她一直不太习惯干什么都得跟另一个人交代缘由,但一点点走到这一步,竟然也觉得挺有意思,并不抗拒。

叶行心里舒服了,点点头,只是真没想到自己竟有这么一天,这跟盯着人家追问“我们到底算什么关系”有何两样?

两人一时无话,怀着一种心照不宣的更亲近了一点的感觉,偏又带着点恶趣味,再开口非要说点别的。

一个揶揄:“跟前男友处得还挺和谐。”

另一个回答:“对啊,又没什么矛盾,分手也可以做朋友的。”

一个又问:“怎么认识的?”

另一个又答:“我考急救证的时候,他来华远的培训基地给我们上过课,做做人工呼吸,按按心肺复苏,就这么认识了。”

“那后来怎么分了?”

“他高需求,受不了不能总在一起,所以就分了。”

很简单的几句话,说得叶行心里又不舒服了,讽刺道:“急诊医生这么闲的吗?还是ego太大,只能你等他?”

陆菲却听笑了,双臂环上他的脖颈,微微侧首,嘴唇贴着他的嘴唇,轻声说:“所以还是换个一年出差三百天的吧,谁都别嫌弃谁。”

叶行从来无法抵抗她的主动,此时更带上了几分刻意的报复,原本按着她腰的手掌一路摸上去扣到她颈后,另一只手捧住她的脸颊,深深地吻她。她却也同样炙热地回应,仅只一秒,便让他自信她对他是不同的。

他的感觉没有错,她实在喜欢他的手、皮肤和器官的触感,是那样一种温润细腻的质地,像是可以彻底融化进她的身体里。同时又带着另一个人不可知测的温度和力量,勾起她情不自禁的战栗和冒险的欲望。

她明知故犯地打开自己,而他为她跪下去。然而,不确定从哪一秒开始,他仍旧姿态臣服,却又不得不承认心里生出的那一点隐秘的彻底占有的欲望。不止是对她,还有更多别的东西。或许,只是或许,他也是可以得到一切的。

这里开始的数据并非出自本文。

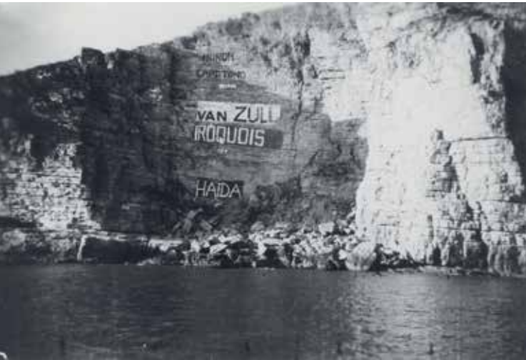
Namen van schepen op een rots bij Yong Pyong Do ter herinnering aan hun deelname aan het VN-detachement in Korea (NIMH)

maet bij Wonju in de nacht van 14 op 15 februari 1951, wederom met zware verliezen, de strategisch belangrijke heuvel 325 op de Chinezen te heroveren. Uiteindelijk stabiliseerde het front zich rond de 38 ste breedtegraad, de huidige grens tussen Noord- en Zuid-Korea. De strijd ontwikkelde zich daarna tot een bloedige stellingenoorlog die deed denken aan de Eerste Wereldoorlog. Uiteindelijk eindigde de gewapende strijd op 27 juli 1953 met een wapenstilstand die voortduurt tot op de dag van vandaag. Triest detail: op de dag vóór de wapenstilstand, dus op 26 juli, liep een KL-patrouille in een Chinese hinderlaag, waarbij nog eens vijf Nederlandse militairen sneuvelden.

直到夜深,两人裸身在床上,面对面侧躺着。陆菲差不多快睡着了,叶行却还有话要对她说,握住她的一只手,十指相扣,轻轻晃了晃。

她不睁眼。

他又叫她的名字:“陆菲……”

“嗯?”她应了声,还是没睁眼。

他说:“我有个建议。”

她静静等着他讲下去。

他看着她阖起的睫毛问:“来嘉达好不好?”

她这才缓缓睁开眼睛,带着点疑惑看着他。

他解释:“我是说,到嘉达的船上工作。”

她似乎清醒了点,但还是没怎么懂他的意思。

他接着说下去:“你可以有更自由的合同期,更多的晋升机会……”

她笑了,打断他问:“你给我开后门吗?”

他也笑了,摇摇头:“我跟运营部门没什么关系,而且也不用我给你开后门,你值得的。”

她听着,一时没说话。

他又给了她更多一些理由:“而且,你休假的时候还可以去游艇会训练,跟马力姐参加帆船比赛。她跟我问起过你,让我邀请你去看十二月的环岛赛,我知道你有兴趣。”

她看着他,似乎更清醒了点。如果说前面的建议还只是换一家船东,说到这里,几乎就是要她搬去香港的意思了。

但她没说好,也没说不好。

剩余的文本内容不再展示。